NASA once experimented with magnetic shielding for re-entry vehicles but never really pursued it. One interesting design uses two magnetic booms/probes on the ends of relatively stubby wings (more of a lifting body). These probes would extend beyond the front of the stage. The tips of the probes are magnetic poles, and the ions from the shock wavefront will be deflected away from the probes themselves. The body of the stage would ride behind the shock waves from the probes.
In addition, by directing positive ions downward and electrons upward there is a net lift generated (due to the difference in mass). The skin of the vehicle needs to be able to store an electric charge, and this only works during the early portion of the re-entry. This design would also need parachutes.
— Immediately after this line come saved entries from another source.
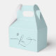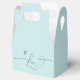 Bring your romance to the table with this love calligraphy favour box. Simple elements of your own romantic photo, island paradise blue, and calligraphy lettering "Love". Personalise the names and date, use your own photo for the circle portrait at the back.
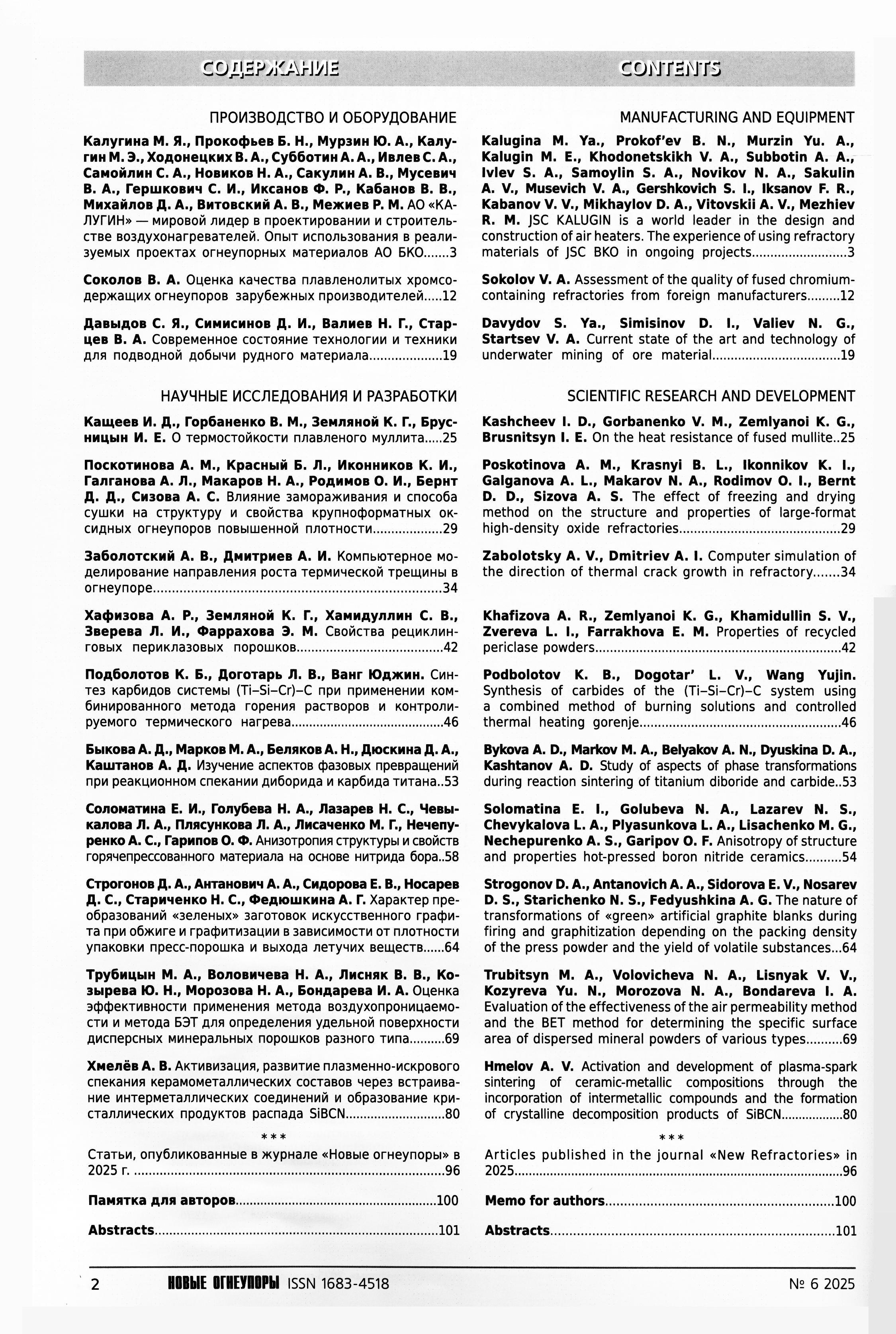 Новые огнеупоры 2025 № 6 | Новые огнеупоры 2025 № 6 | 2025 | 6 |
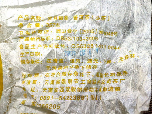 | 产地: | 勐海 |
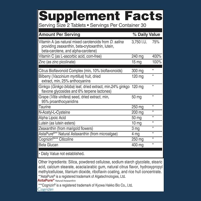 - ESSENTIAL NUTRIENTS: This supplement will help you support the health of your eye with Astaxanthin (cross blood-retina barrier), Bilberry (night vision), Lutein (carotenoid for eye health), Citicoline (neuroprotective support), Beta Glucan (promote eye health and function), Zeaxanthin (carotenoid that supports your eyes), Gingko Biloba (blood flow), and L-Taurine (support the retinas).
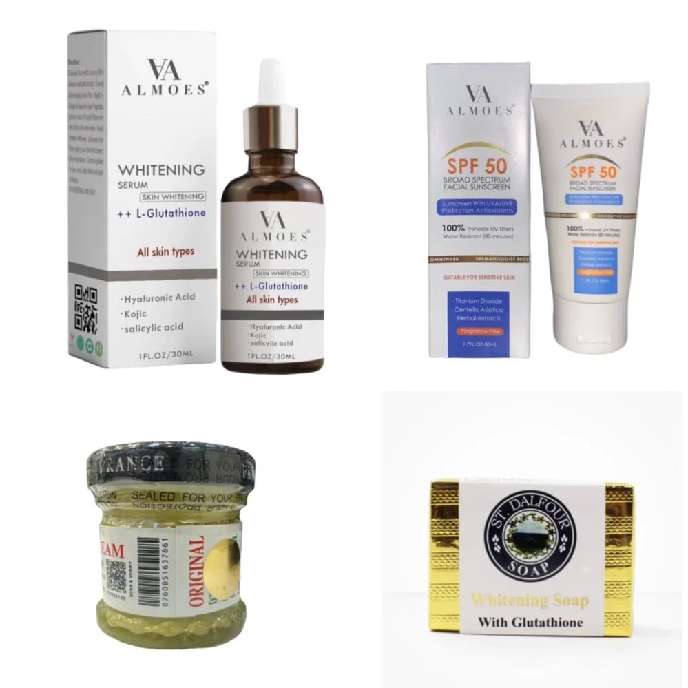 - تحتوي المجموعة على 4 منتجات تساعدك في تفتيح بشرتك وإزالة البقع والتجاعيد منها.
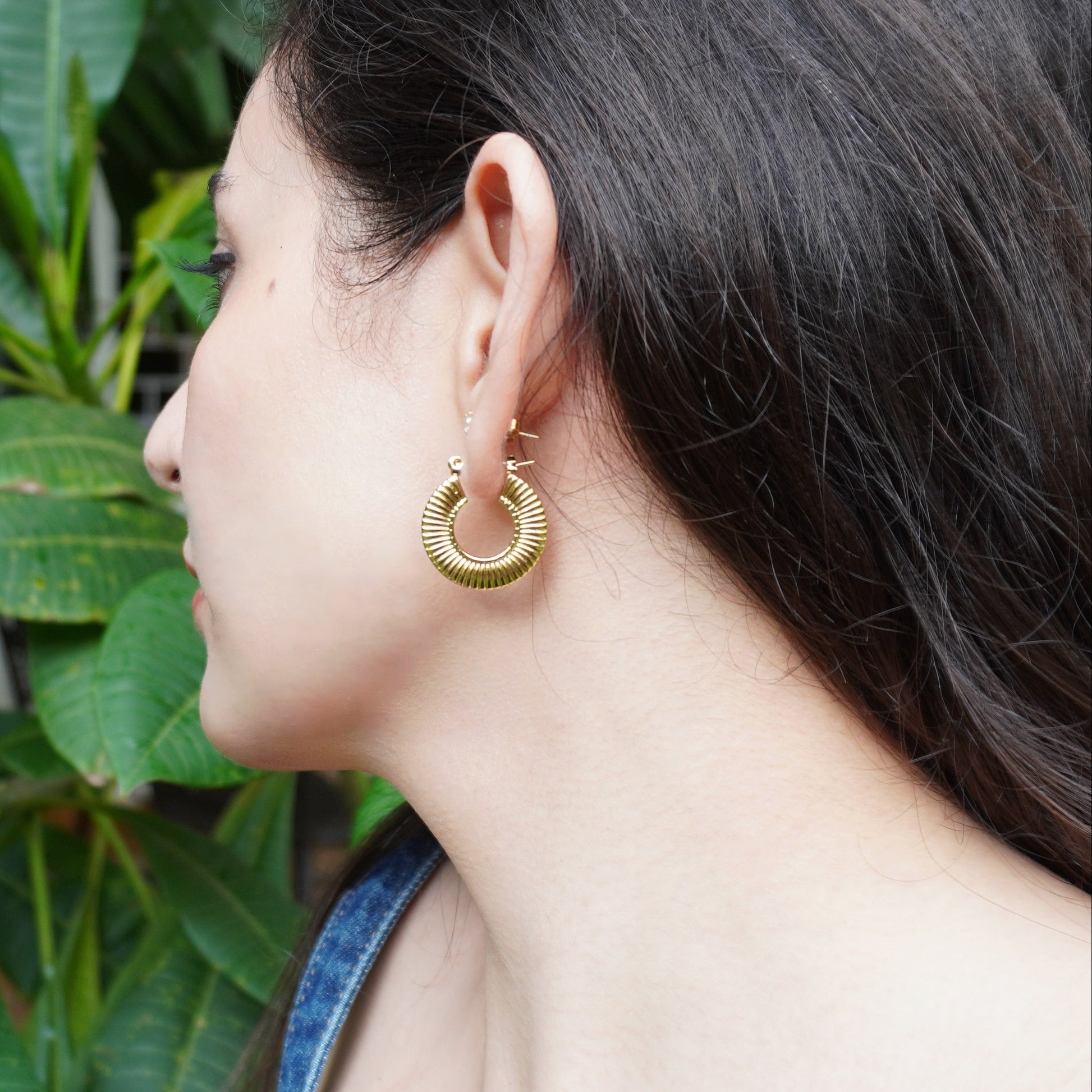 Smooth curves, ribbed texture, and pure golden confidence. The Noa Hoops are your everyday power move—minimal enough for Monday meetings, bold enough for Friday nights. They catch the light (and attention) from every angle, giving that effortless rich-girl glow.

Of course one could use a design similar to the existing shuttle (replacing the crew and cargo with fuel tanks). I'm partial to a design which uses a downward dihedral delta wing. At high speed it traps air between the wings, generating compression lift. When the flaps are lowered it would turn into a ground-effect wing. The goal is to remain in the thinnest part of the atmosphere until well below Mach 5. The main problem is the asymetrical mass and drag during launch.
The only reasonable location for the payload is on the nose of the second stage. (The Soviet Buran design makes no sense whatsoever, except to look like the shuttle.) It makes control easier and will avoid damage from ice debris. There will also be less damage if the first or second stages fail. The only problem is that one may need a lengthy adaptor between the payload and the nose of the second stage.
For a manned payload, it should be noted that the tradeoff between a winged re-entry vehicle and a blunt capsule depends on the size of the vehicle. To justify a shuttle-like design would require combining cargo and crew (or a LOT of passengers), whereas from a safety perspective or mass limit it might be better to use separate missions for cargo and personel.